* _WHAT TO WORK ON_:
In the listing that follows, find the line with "- Supports WCH", then copy exactly from it through the line with "OLD TIN FILLED", leaving out every picture.

* _RECORDS SHOWN_:
=== Begin Enclosure ===

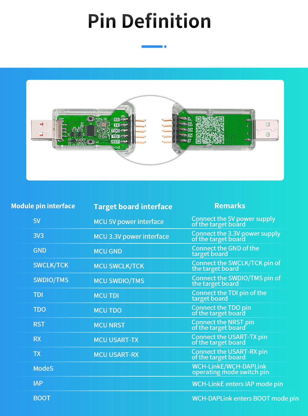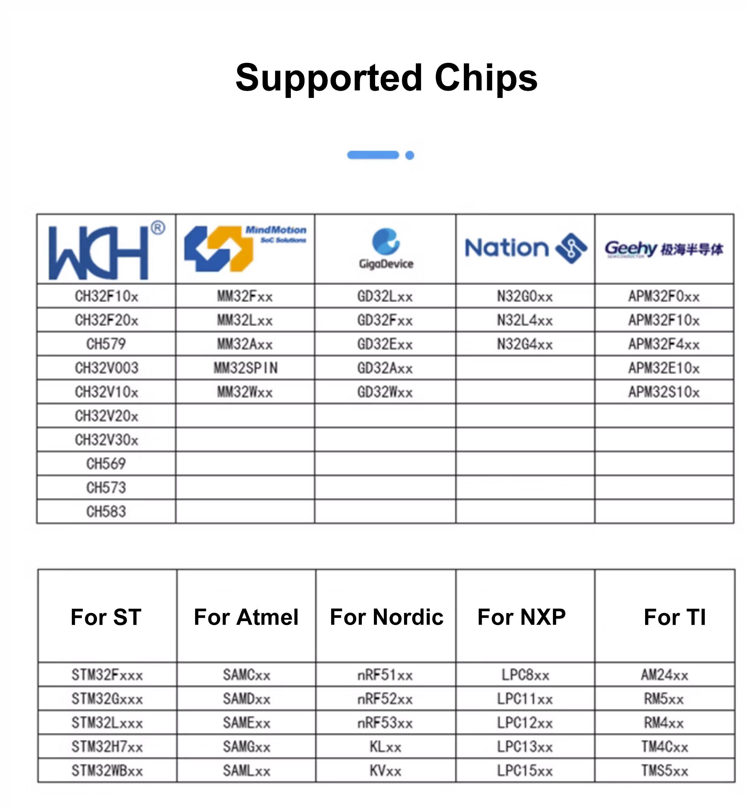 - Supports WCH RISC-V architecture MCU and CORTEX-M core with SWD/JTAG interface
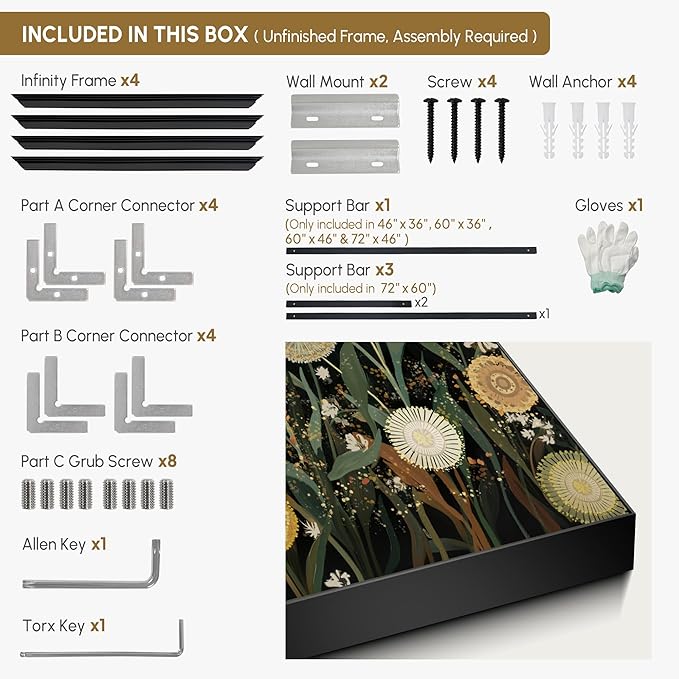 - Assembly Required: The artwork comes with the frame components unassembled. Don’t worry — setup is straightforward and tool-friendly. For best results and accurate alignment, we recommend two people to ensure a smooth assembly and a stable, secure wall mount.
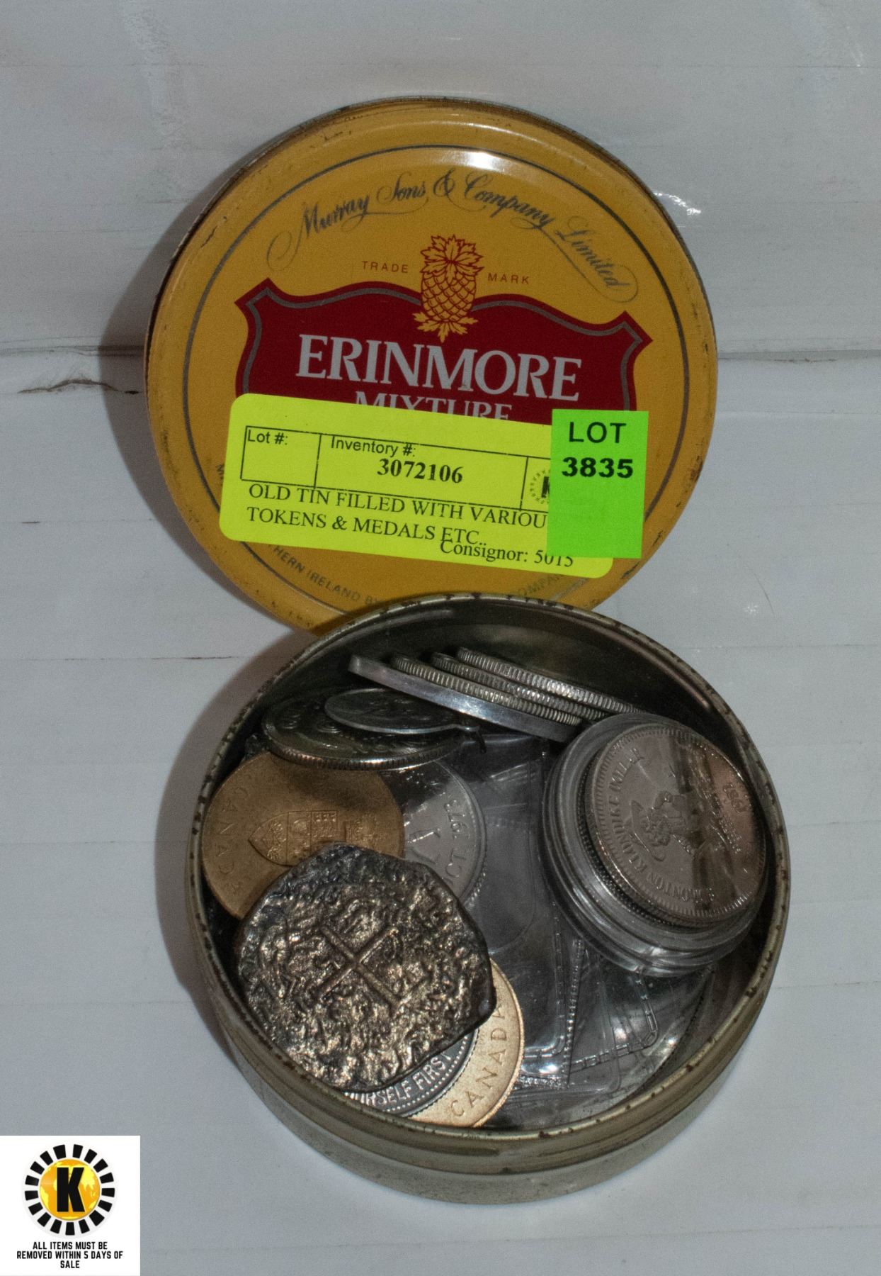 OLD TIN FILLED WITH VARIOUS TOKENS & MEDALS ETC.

=== End Enclosure ===
=== Begin Enclosure ===

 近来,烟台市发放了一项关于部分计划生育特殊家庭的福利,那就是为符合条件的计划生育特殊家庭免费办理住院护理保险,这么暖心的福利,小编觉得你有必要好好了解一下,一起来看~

=== End Enclosure ===

* _ANSWER TO THIS EXERCISE_:
 - Supports WCH RISC-V architecture MCU and CORTEX-M core with SWD/JTAG interface
 - Assembly Required: The artwork comes with the frame components unassembled. Don’t worry — setup is straightforward and tool-friendly. For best results and accurate alignment, we recommend two people to ensure a smooth assembly and a stable, secure wall mount.
 OLD TIN FILLED WITH VARIOUS TOKENS & MEDALS ETC.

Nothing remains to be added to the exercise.